## GOAL OF THE EXERCISE:
No pictures should be carried over. Output all other parts of the entries verbatim.

## PROVIDED DATA:
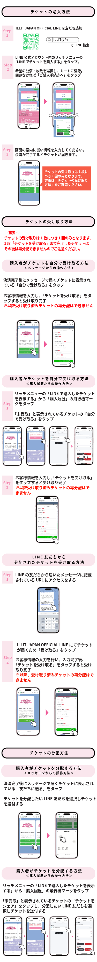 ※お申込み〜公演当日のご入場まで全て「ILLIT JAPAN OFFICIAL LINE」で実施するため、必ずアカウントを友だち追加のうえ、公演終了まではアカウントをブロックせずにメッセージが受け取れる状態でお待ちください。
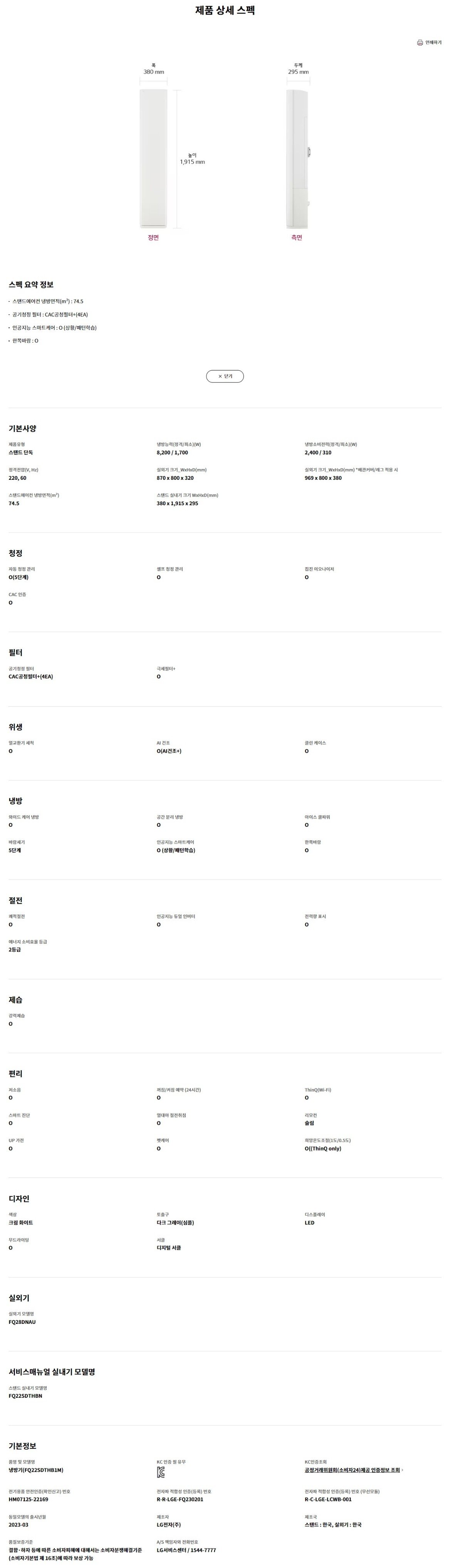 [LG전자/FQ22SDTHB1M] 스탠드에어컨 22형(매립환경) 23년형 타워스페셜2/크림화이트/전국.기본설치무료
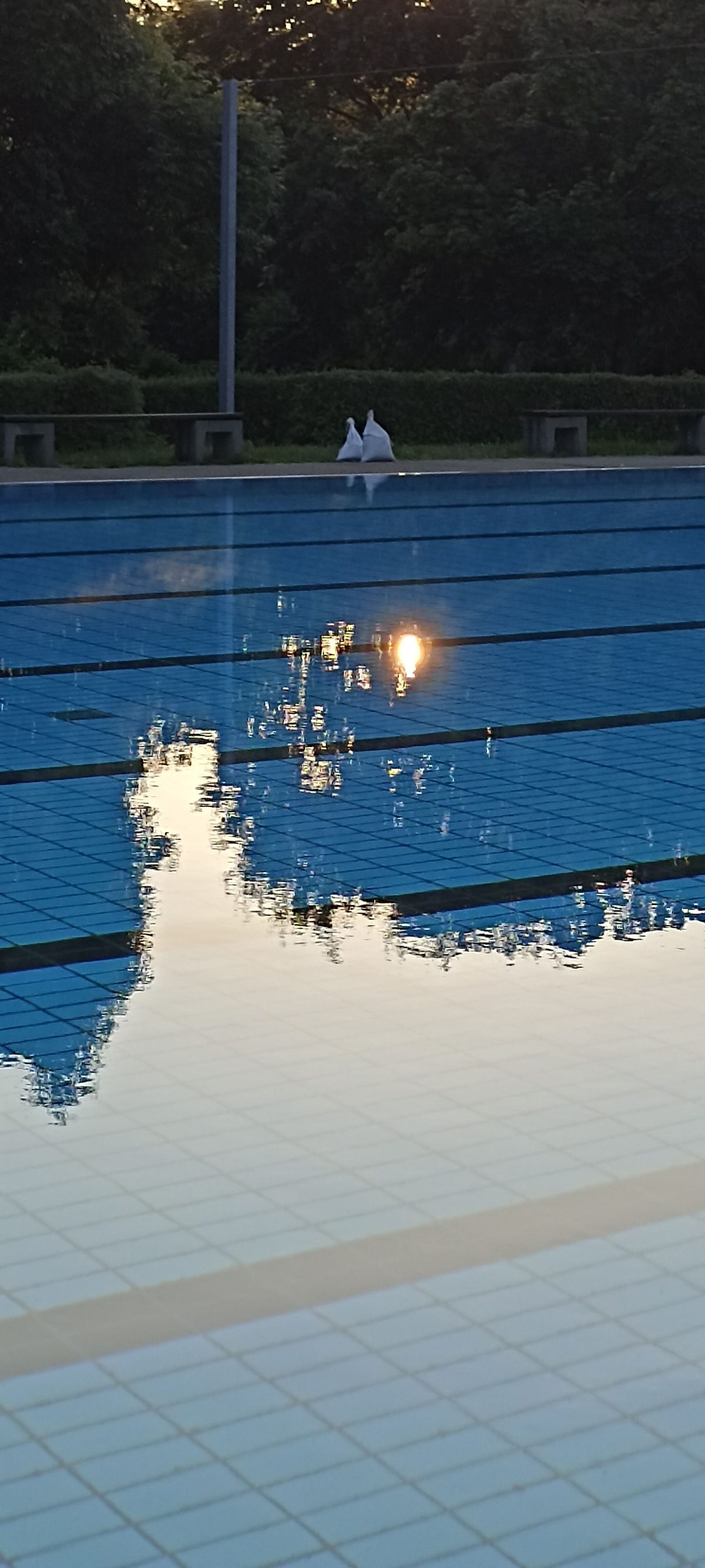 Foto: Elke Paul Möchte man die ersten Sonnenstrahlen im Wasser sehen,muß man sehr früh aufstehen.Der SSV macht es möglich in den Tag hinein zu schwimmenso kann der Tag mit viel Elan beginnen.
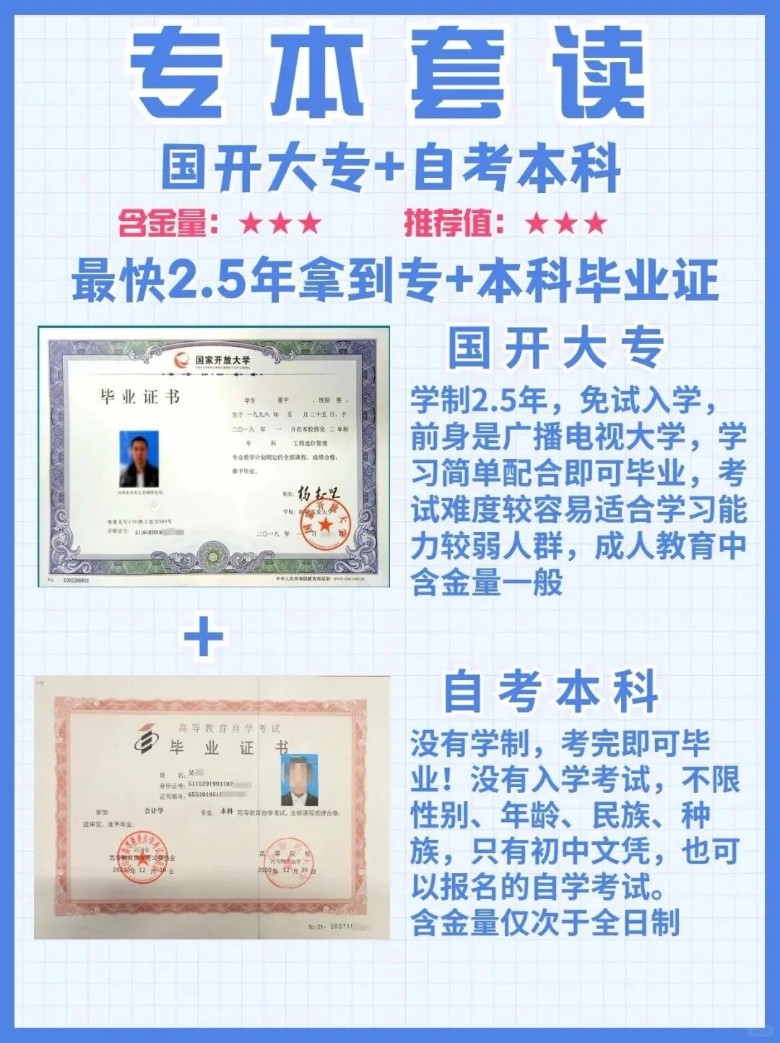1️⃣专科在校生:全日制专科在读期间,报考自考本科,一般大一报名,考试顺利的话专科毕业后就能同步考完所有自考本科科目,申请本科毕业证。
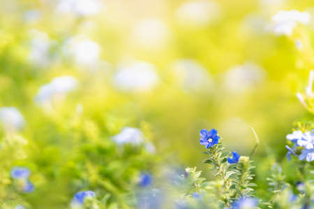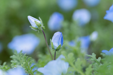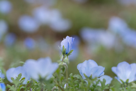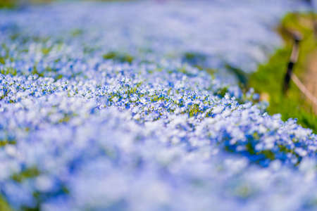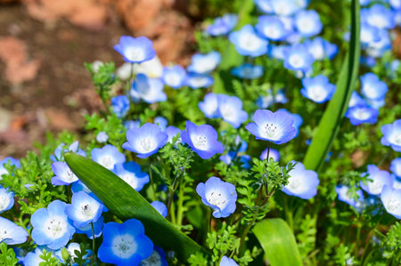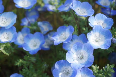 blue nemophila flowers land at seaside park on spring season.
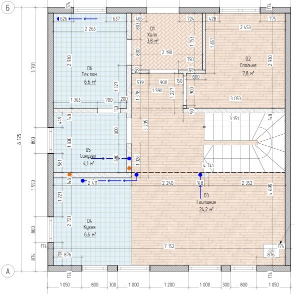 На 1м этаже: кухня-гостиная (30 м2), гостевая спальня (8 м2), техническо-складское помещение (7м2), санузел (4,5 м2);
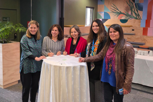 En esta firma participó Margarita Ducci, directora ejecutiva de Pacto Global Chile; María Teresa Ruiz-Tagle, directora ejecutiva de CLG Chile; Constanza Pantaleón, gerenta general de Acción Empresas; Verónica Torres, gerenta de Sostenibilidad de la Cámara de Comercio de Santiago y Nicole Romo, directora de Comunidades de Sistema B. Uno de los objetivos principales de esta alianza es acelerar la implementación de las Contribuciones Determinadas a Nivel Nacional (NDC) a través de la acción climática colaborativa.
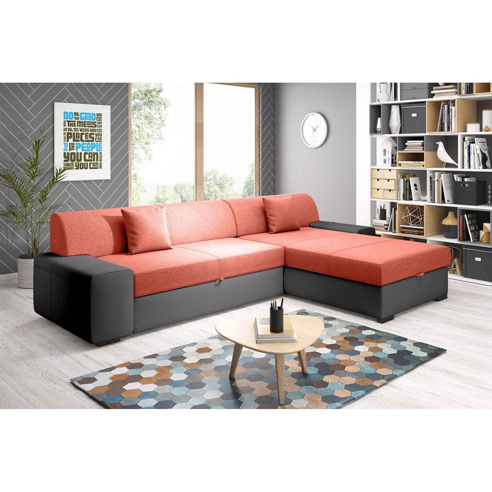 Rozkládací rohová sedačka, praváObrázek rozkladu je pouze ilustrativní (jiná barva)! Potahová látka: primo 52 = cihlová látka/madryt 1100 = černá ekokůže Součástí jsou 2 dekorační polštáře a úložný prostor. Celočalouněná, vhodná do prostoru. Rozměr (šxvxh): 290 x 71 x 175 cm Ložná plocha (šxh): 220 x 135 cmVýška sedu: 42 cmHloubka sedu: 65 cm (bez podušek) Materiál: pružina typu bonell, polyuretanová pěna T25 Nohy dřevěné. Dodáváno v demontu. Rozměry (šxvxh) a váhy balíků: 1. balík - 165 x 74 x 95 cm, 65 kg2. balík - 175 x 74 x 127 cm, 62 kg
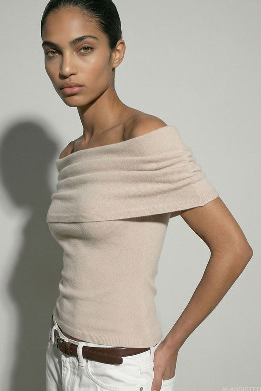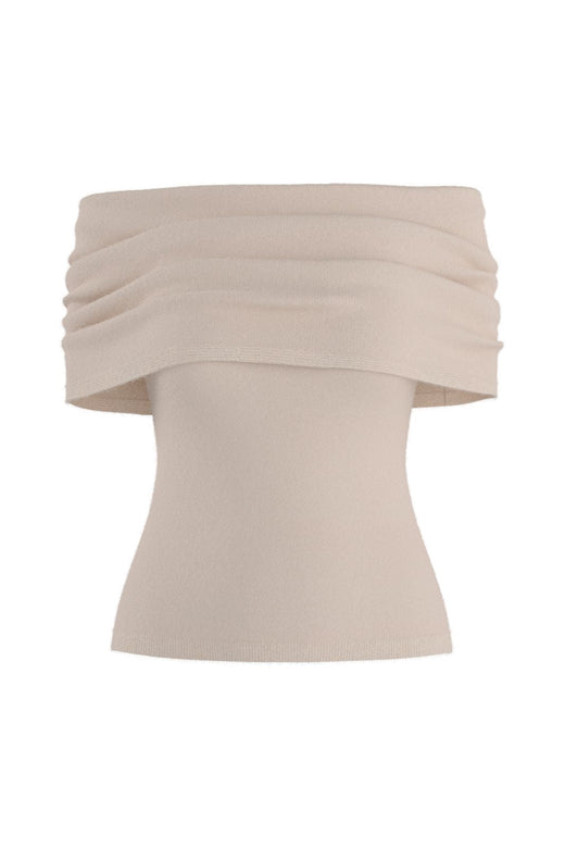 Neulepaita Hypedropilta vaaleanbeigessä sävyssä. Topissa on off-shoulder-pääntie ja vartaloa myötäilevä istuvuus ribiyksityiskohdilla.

## TASK RESPONSE:
 ※お申込み〜公演当日のご入場まで全て「ILLIT JAPAN OFFICIAL LINE」で実施するため、必ずアカウントを友だち追加のうえ、公演終了まではアカウントをブロックせずにメッセージが受け取れる状態でお待ちください。
 [LG전자/FQ22SDTHB1M] 스탠드에어컨 22형(매립환경) 23년형 타워스페셜2/크림화이트/전국.기본설치무료
 Foto: Elke Paul Möchte man die ersten Sonnenstrahlen im Wasser sehen,muß man sehr früh aufstehen.Der SSV macht es möglich in den Tag hinein zu schwimmenso kann der Tag mit viel Elan beginnen.
1️⃣专科在校生:全日制专科在读期间,报考自考本科,一般大一报名,考试顺利的话专科毕业后就能同步考完所有自考本科科目,申请本科毕业证。
 blue nemophila flowers land at seaside park on spring season.
 На 1м этаже: кухня-гостиная (30 м2), гостевая спальня (8 м2), техническо-складское помещение (7м2), санузел (4,5 м2);
 En esta firma participó Margarita Ducci, directora ejecutiva de Pacto Global Chile; María Teresa Ruiz-Tagle, directora ejecutiva de CLG Chile; Constanza Pantaleón, gerenta general de Acción Empresas; Verónica Torres, gerenta de Sostenibilidad de la Cámara de Comercio de Santiago y Nicole Romo, directora de Comunidades de Sistema B. Uno de los objetivos principales de esta alianza es acelerar la implementación de las Contribuciones Determinadas a Nivel Nacional (NDC) a través de la acción climática colaborativa.
 Rozkládací rohová sedačka, praváObrázek rozkladu je pouze ilustrativní (jiná barva)! Potahová látka: primo 52 = cihlová látka/madryt 1100 = černá ekokůže Součástí jsou 2 dekorační polštáře a úložný prostor. Celočalouněná, vhodná do prostoru. Rozměr (šxvxh): 290 x 71 x 175 cm Ložná plocha (šxh): 220 x 135 cmVýška sedu: 42 cmHloubka sedu: 65 cm (bez podušek) Materiál: pružina typu bonell, polyuretanová pěna T25 Nohy dřevěné. Dodáváno v demontu. Rozměry (šxvxh) a váhy balíků: 1. balík - 165 x 74 x 95 cm, 65 kg2. balík - 175 x 74 x 127 cm, 62 kg
 Neulepaita Hypedropilta vaaleanbeigessä sävyssä. Topissa on off-shoulder-pääntie ja vartaloa myötäilevä istuvuus ribiyksityiskohdilla.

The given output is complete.